Coffee has a bouquet of fragrances that attract people to it, and a good café delights your olfactory senses with the smell of freshly-ground coffee. The aroma is sweet and fruity, smoky and earthy. When the barista grinds a new batch of beans for the brewer, a wave of aroma washes out across the café. The smell envelopes you, enticing your taste buds in anticipation of the first sip of a freshly-brewed cup.

Sounds

Beans rasp loudly as they fall from brown paper bags into the grinders’ hoppers. The grinder whirrs aggressively, growling out the fresh coffee into the basket below it. A loud thud reverberates through the café as the barista knocks spent espresso out of the portafilter Steam bursts out of the wand into the milk with a thump, then hisses and whooshes as it whips the milk into a cloud of frenzied bubbles.

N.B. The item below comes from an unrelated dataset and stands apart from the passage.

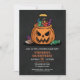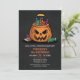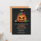 O design de corte apresenta um cheio de abóbora de aquarela de doces e doce ilustração Personalize com seus detalhes de festa de aniversário de Halloween em letras laranja e brancas em fundo de quadro.

Nearby, a miniature metal spoon scrapes the side of a ceramic cup, clinking softly as it mixes sugar into espresso. In some cafés, the din of a bulky black roaster dominates, and customers must raise their voices to be heard by the people across the table from them. Lovers longing to whisper secrets or engage in quiet conversation content themselves to communicate with their eyes and expressions. Coffee beans pop and crackle as they flow out of the roaster’s drum, each bean still burning inside. They calm quickly, as fresh air pulled by powerful fans is drawn across them.

Touch

Your hands gently cradle a cup that is too hot to hold securely. The crema of an expertly-poured shot of espresso is silky smooth, lightly coating your mouth with a delicate film of flavor that keeps the memory of the coffee on the tip of your tongue. When you lift a cappuccino to your mouth, your lips note the warm smoothness of the ceramic mug, followed by the billowy softness of the milk. It is like burying your face in the soft, warm crook of a lover’s neck. The flavors of a full-bodied French press coffee swell inside the mouth, continuing to expand even after the coffee has long since disappeared.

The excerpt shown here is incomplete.